Elephant-head vase (vase à tête d'éléphant)

Manufactory Sèvres Manufactory French
Designer Jean-Claude Duplessis French

On view at The Met Fifth Avenue in Gallery 529

This remarkable Sèvres porcelain elephant-head vase is one of six in the Metropolitan Museum of Art, four of which were given by Charles and Jayne Wrightsman. Presumably due to the technical challenges and cost of making these vases, relatively few were produced at Sèvres, all which date to the years around 1760; nineteen examples are known in public collections today.

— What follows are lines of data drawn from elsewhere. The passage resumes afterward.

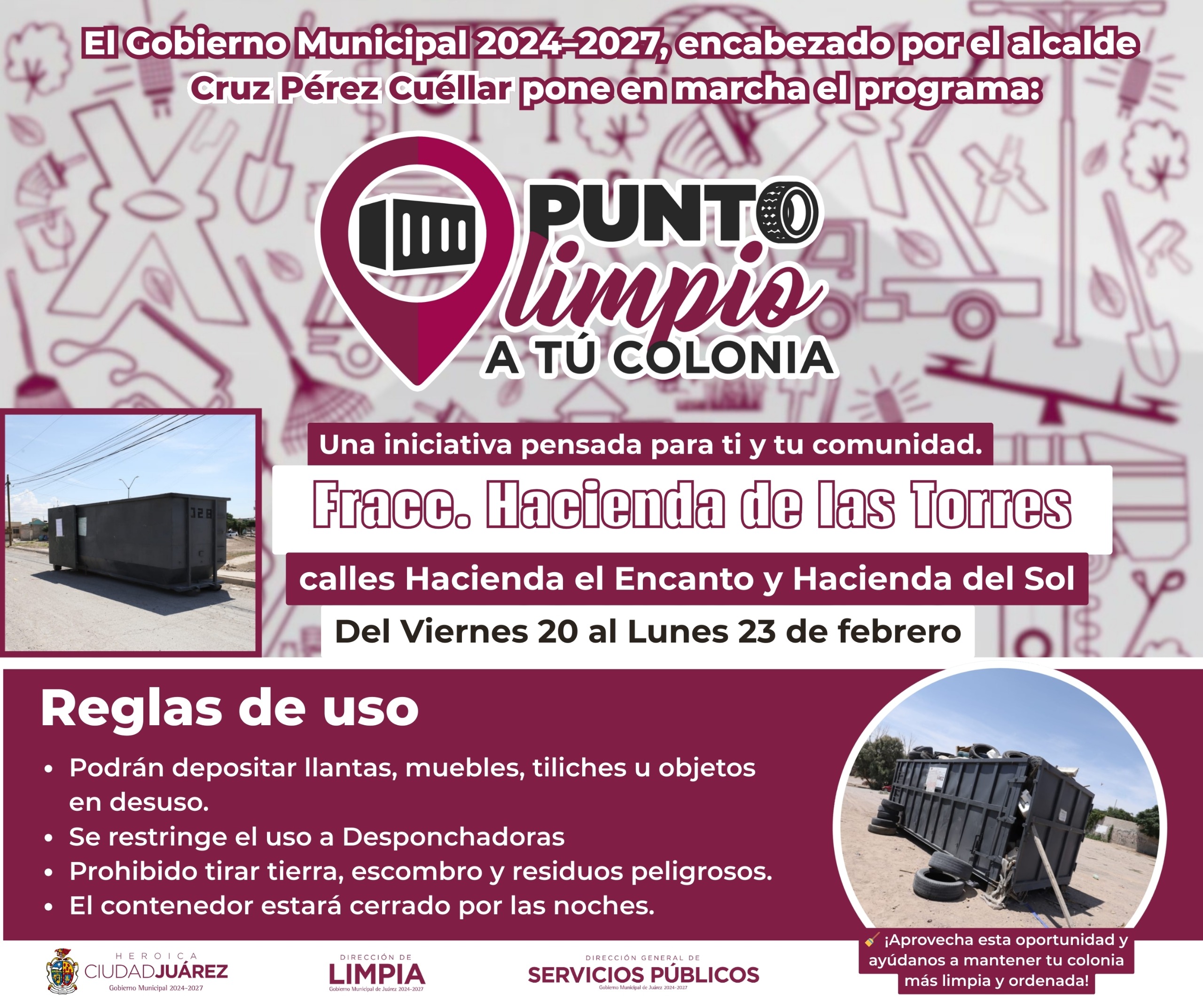 Sábado 21 de Febrero del 2026.- La Dirección de Limpia instaló desde ayer y hasta el lunes 23 de febrero, “Puntos Limpios a tu Colonia”, con el objetivo de acercar a los vecinos espacios adecuados para la disposición de tiliches y residuos de gran volumen.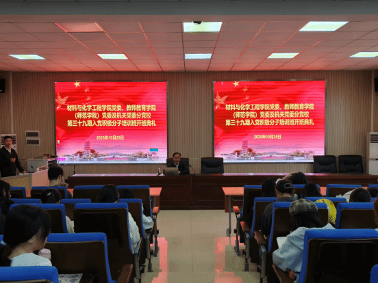 2025年10月25日上午,教师教育学院(师范学院)、材料与化学工程学院(碳酸钙产业学院)及机关党委分党校在逸夫楼111学术报告厅联合举行第三十九期入党积极分子培训班开班典礼。材料与化学工程学院党委书记(分党校校长)莫达隆、材料与化学工程学院专职组织员(分党校班主任)义国杰和84名入党积极分子参加,开班典礼由义国杰主持。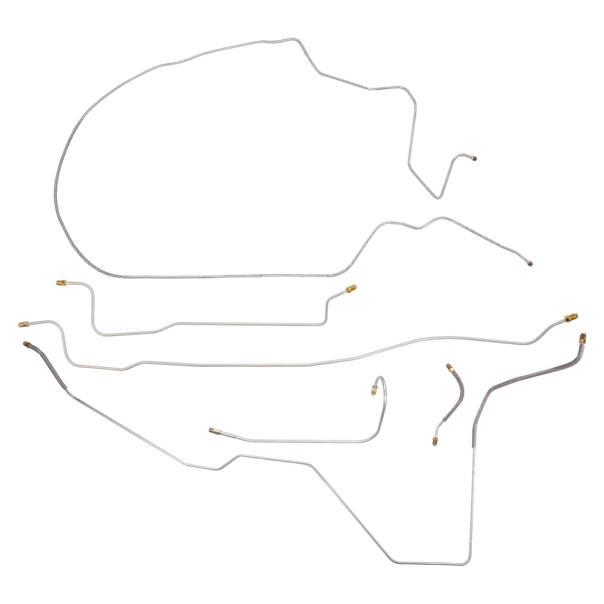 This preformed complete brake line kit will replace all the metal brake lines on your vehicle and includes the master cylinder lines, left front line and right-front crossover line, intermediate lines, and rear axle lines/trailing arm lines.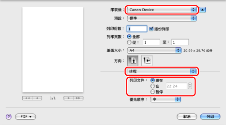 選擇傳真機 → [排程] → 從 [列印文件] 傳送文件的時間。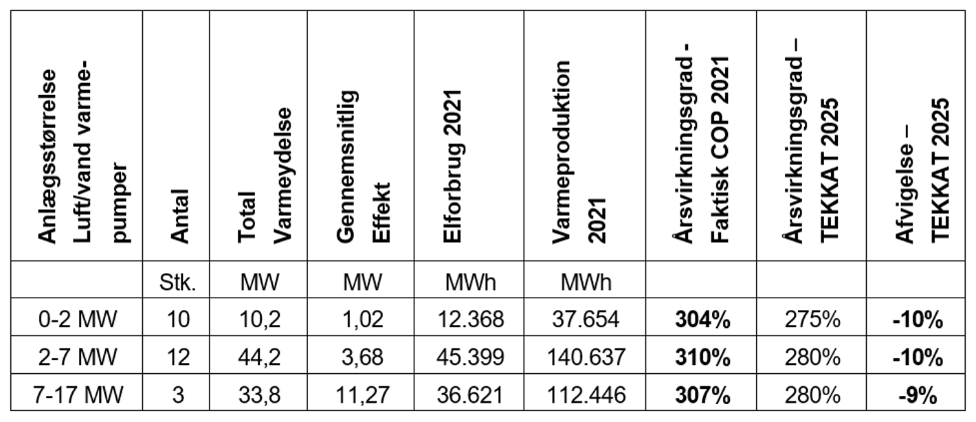 De faktisk opnåede årsvirkningsgrader (COP-faktorer) for anlæggene etableret frem til 2021 ligger ca. 10% over den foreslåede værdi for 1, 3 og 10 MW anlæg i høringsversionen af teknologikataloget.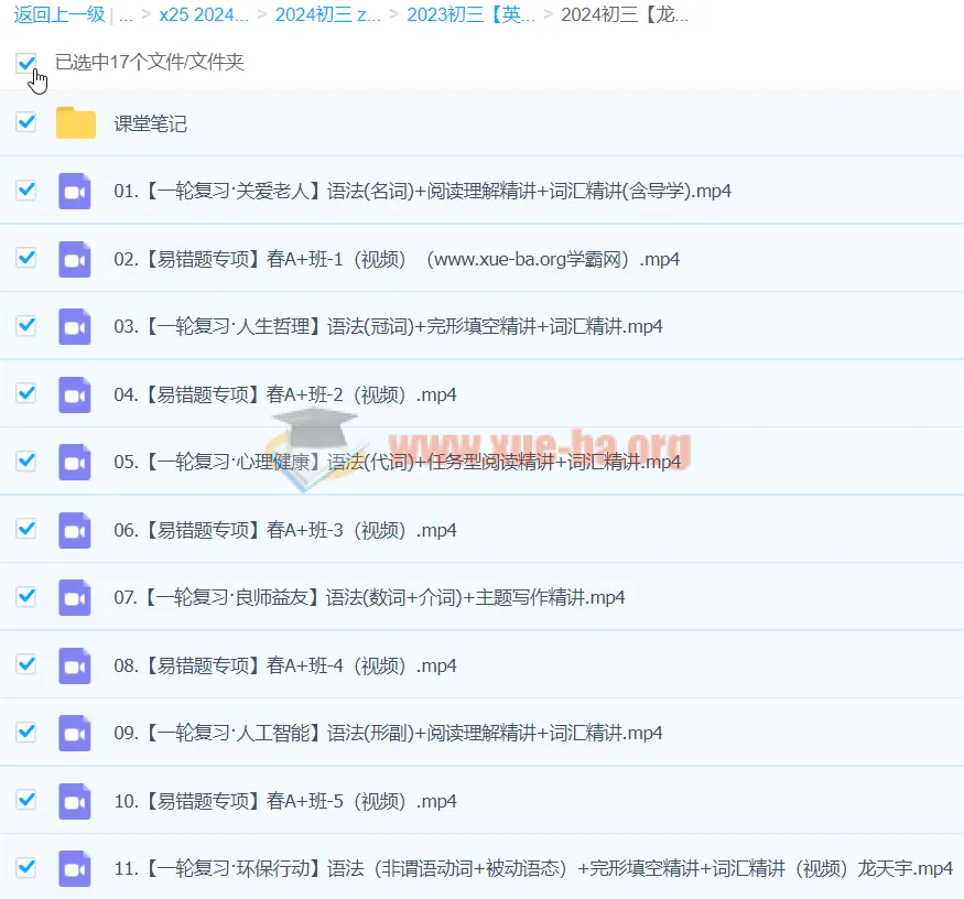 作业帮【2024春下】初三英语全国 龙天宇 A+-百度网盘资源下载地址由网盘用户[晨曦***435]分享,包含mp4等格式共计19个文件,文件大小为4.91GB,分享时间2025-06-02,此百度网盘资源由搜课100网盘搜索引擎收集整理。...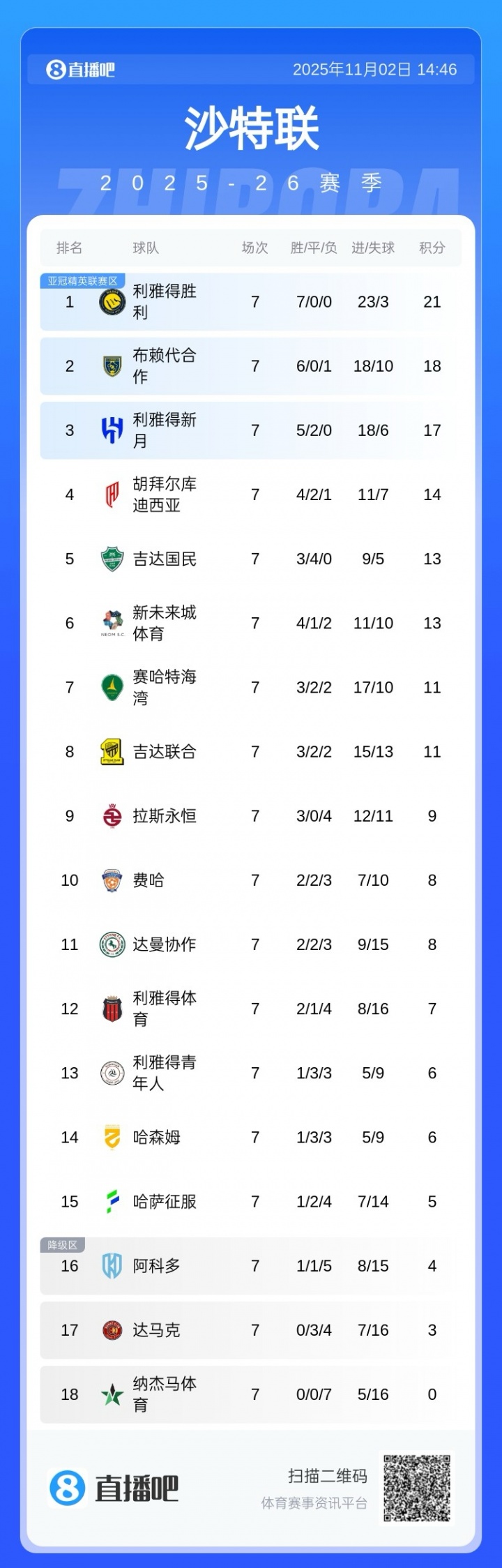 本赛季沙特联,利雅得顺利开局豪取7连胜,狂轰23球仅丢3球,3分上风领跑积分榜。开局阶段,利雅得顺利曾5-0大捷榜二布赖代衔尾、2-0力克卫冕冠军吉达结合。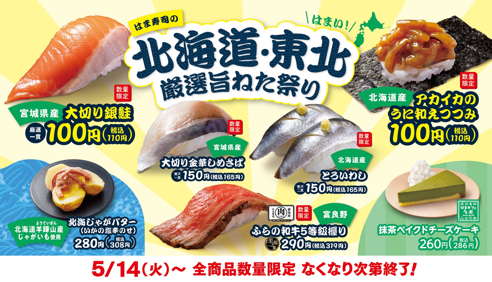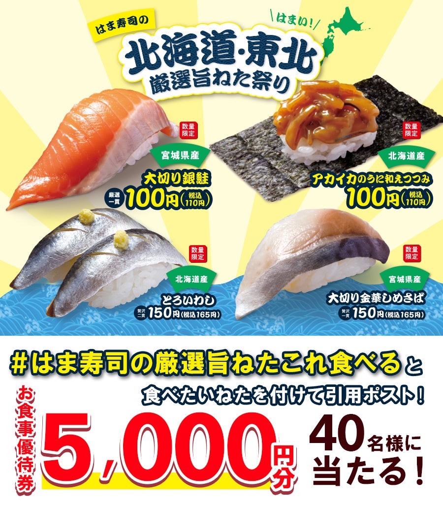 ぜひこの機会に、お近くのはま寿司で「はま寿司の北海道・東北厳選旨ねた祭り」をお楽しみください。

The mate to this vase is at Waddesdon Manor, Buckinghamshire. The decoration on the Waddesdon vase is extremely similar, though its spiraling decoration twists to the right to complement the left-twisting decoration on the Wrightsman vase. The undersides of both vases are painted with green and gold bands, presumably intended to disguise firing flaws in the base of each.
1983.185.9, its mate at Waddesdon, and two elephant-head vases in the Wallace Collection, London (C246-7) are the only four known examples of the model designated Shape A (without handles) by Savill (p. 161).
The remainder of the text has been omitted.